There seems to be some mass previously unknown outside the Kuiper Belt, but some scientists say it's not a planet -- it's just a second Kuiper Belt we didn't know about.
The announcement of a possible large ninth planet in our solar system way beyond Neptune last month caused a lot of excitement, needless to say. If confirmed, it may be similar to "super-Earth" type exoplanets which have been found to be plentiful around other stars, although none, that we knew of, around ours. At this point, however, it is still a well-presented theory. Now, there's another possibility which has been offered to explain the weird orbits of some of the small Kuiper Belt objects -- not a large planet, but rather a second Kuiper Belt consisting of many smaller objects instead.
The new findings have been presented by researchers Ann-Marie Madigan and Michael McCourt at Harvard University, who suggest that Planet 9 may really be "a new Kuiper Belt that's far more massive than the current-day Kuiper Belt, at larger distances, and preferentially lifted off the plane of the major planets," as noted in New Universe Daily. The theory will be published soon in the Monthly Notices of the Royal Astronomical Society.

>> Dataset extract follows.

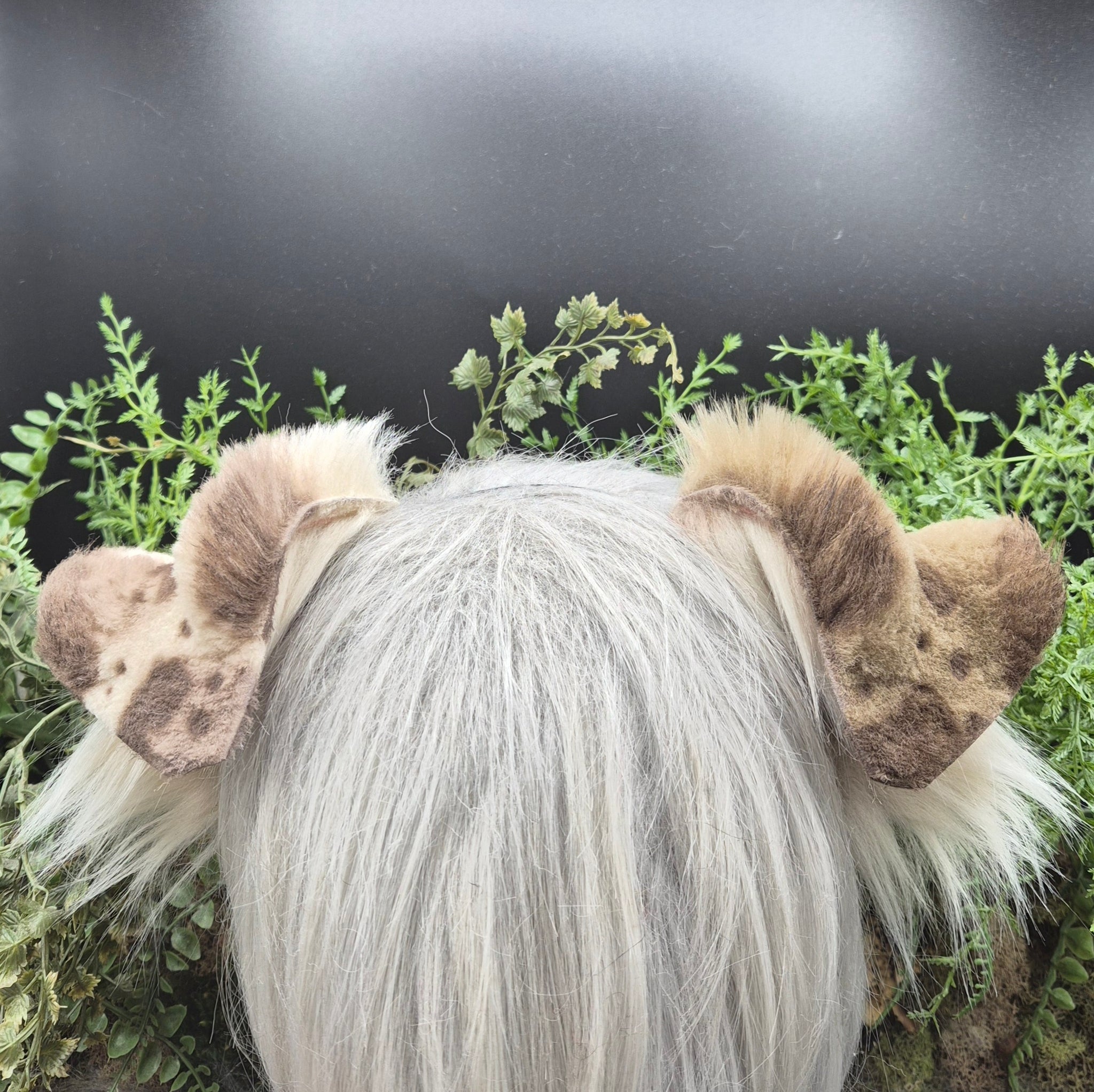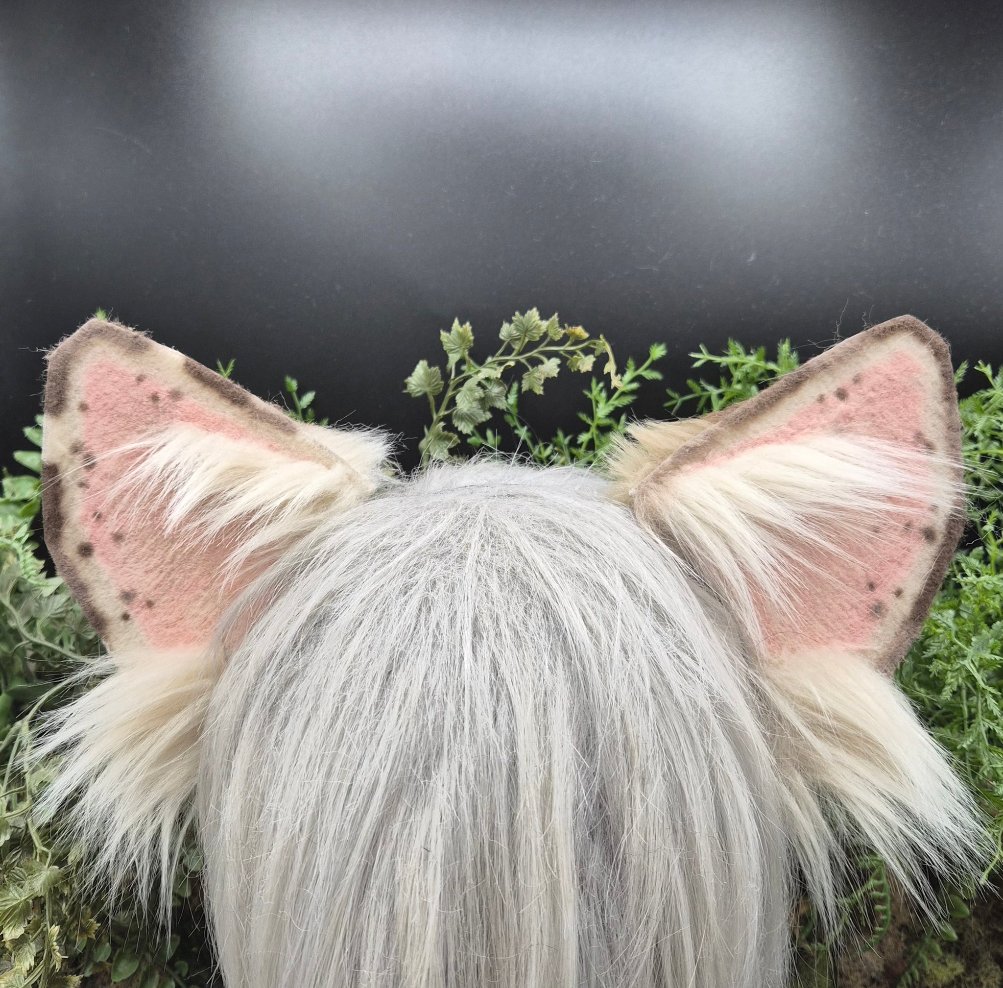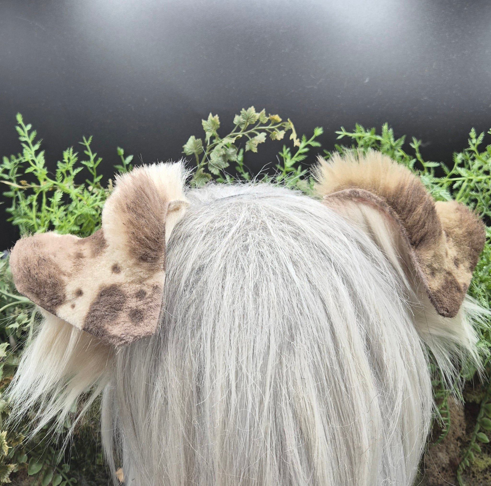 An adorable set of mismatched cream and light brown puppy ears with spotting brown spotting. These have a more sculpted look with puffy/fluffy portions on the ears. These can be flopped over, one flopped or one upright or both upright. To ensure the best quality for the longest period of time, please handle the airbrushed areas as little and carefully as possible while posing them. They're around 4in fully upright, fully wired and poseable and slide on the headband. For Sculpted ears make sure you gently fluff the fluffy areas of the fur on the outer ears back down toward the base. That will make sure they keep that sculpted look instead of looking flatter.

The hypothesis is similar to the ninth planet one in that it says that there must be more mass farther out in the Solar System to account for the odd orbits of some of the Kuiper Belt objects. But whether that mass is one larger planet or several, or more, smaller ones, isn’t known yet. The new theory says that multiple smaller objects, like those found in the known Kuiper Belt, are more likely than one larger planet.
That article is pretty good explaining things.
This is the paper that started the excitement: "Evidence for a Distant Giant Planet in the Solar System."
Well, I think the NY Post is right: The Sweet Meteor of Death is a little late, but it's coming.
Tanned, ready, and rested, the Sweet Meteor of Death is on its way.
A little Science! (TM) for you on this slow news day.